COURT OF APPEALS OF VIRGINIA
Present: Judges Chafin, Russell and Senior Judge Clements
Argued by teleconference
PUBLISHED
JESUS DAVILA BAILEY, III
OPINION BY
v. Record No. 0613-18-3 JUDGE WESLEY G. RUSSELL, JR.
JULY 30, 2019
COMMONWEALTH OF VIRGINIA
FROM THE CIRCUIT COURT OF PATRICK COUNTY
Martin F. Clark, Jr., Judge
Vikram Kapil, Deputy Public Defender, for appellant.
Leah A. Darron, Senior Assistant Attorney General (Mark R.
Herring, Attorney General, on brief), for appellee.
Jesus Davila Bailey, III, appellant, was convicted in a bench trial of failing to re-register as
a sex offender in violation of Code § 18.2-472.1, second offense. First at trial and now on appeal,
he argues that Code § 18.2-472.1 and the associated reporting requirements are unconstitutional
because they infringe on his First Amendment rights of freedom of speech and association. For the
reasons that follow, we disagree. Accordingly, we affirm the judgment of the trial court.
BACKGROUND
In all material respects, the evidence is undisputed. In 2007, appellant was convicted of four
counts of “Unlawful Sexual Contact Second Degree” in Delaware. As a consequence of those
convictions, he was and remains required to register as a sex offender and to comply with the
requirements associated with that status.
Sometime after his convictions in Delaware, appellant moved to Virginia, and the
Commonwealth began supervising his sex offender registration and status. The parties stipulated
that Trooper Darren Suthers of the Virginia State Police is in charge of supervising appellant’s
status as a registered sex offender. The parties stipulated that, if called to testify, Suthers would
have testified that appellant was required to register with the state police every six months and to
report certain information as required by law.

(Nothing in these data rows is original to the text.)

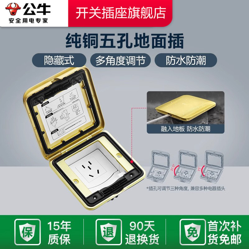 全铜地板地脚插座 公牛开关插座公牛地插座官方旗舰店地脚插翻盖式由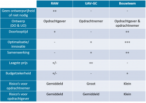 Bij UAV-GC heb je de grootste kans op de laagste prijs, mits je de expertise van de opdrachtnemer maximaal tot zijn recht laat komen. Bij RAW heb je vaak wel een lage prijs maar is er regelmatig een aanzienlijke hoeveelheid meerwerk en mis je de inbreng van de aannemer om kosten te besparen, die besparingsmogelijkheid heb je bij een UAV-GC contract en bouwteam wel.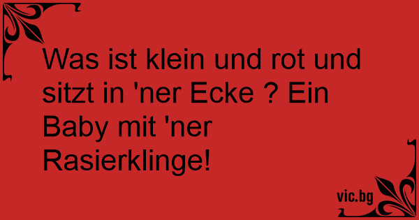 Was ist klein und rot und sitzt in 'ner Ecke ? Ein Baby mit 'ner Rasierklinge!

Among the categories of information that appellant is required to report to law enforcement
is certain information about his Internet usage. Specifically, pursuant to Code § 9.1-903(B), a sex
offender is required to “provide [law enforcement his or her] electronic mail address information,
any instant message, chat or other Internet communication name or identity information that the
person uses or intends to use[.]” Furthermore, pursuant to Code § 9.1-903(G),
any person required to register shall reregister either in person or
electronically with the local law-enforcement agency where his
residence is located within 30 minutes following any change of the
electronic mail address information, any instant message, chat or
other Internet communication name or identity information that the
person uses or intends to use, whether within or without the
Commonwealth. If a probation or parole officer becomes aware of
a change of the electronic mail address information, any instant
message, chat or other Internet communication name or identity
information for any of his probationers or parolees required to
register, the probation or parole officer shall notify the State Police
forthwith upon learning of the change.
Pursuant to Code § 18.2-472.1, a failure of a sex offender to comply with Code § 9.1-903(B),
Code § 9.1-903(G), or other reporting requirements is a Class 1 misdemeanor. A subsequent
failure to comply is a Class 6 felony.
While being supervised as a sex offender, appellant also was subject to probation.1 Aaron
Evans was his probation officer. Evans testified that, separate and apart from the conditions
1
In October 2016, appellant was convicted by the Circuit Court of Henry County of a
felony violation of Code § 18.2-472.1 for failing to comply with the registration and reporting
requirements imposed upon him as a result of his status as a sex offender. He was sentenced to
five years of incarceration with four years, ten months, and twenty-seven days of that sentence
suspended. He was placed on probation for two years to insure his compliance with the terms of
his suspended sentence. He was still on probation for this offense when the acts giving rise to
the instant case occurred.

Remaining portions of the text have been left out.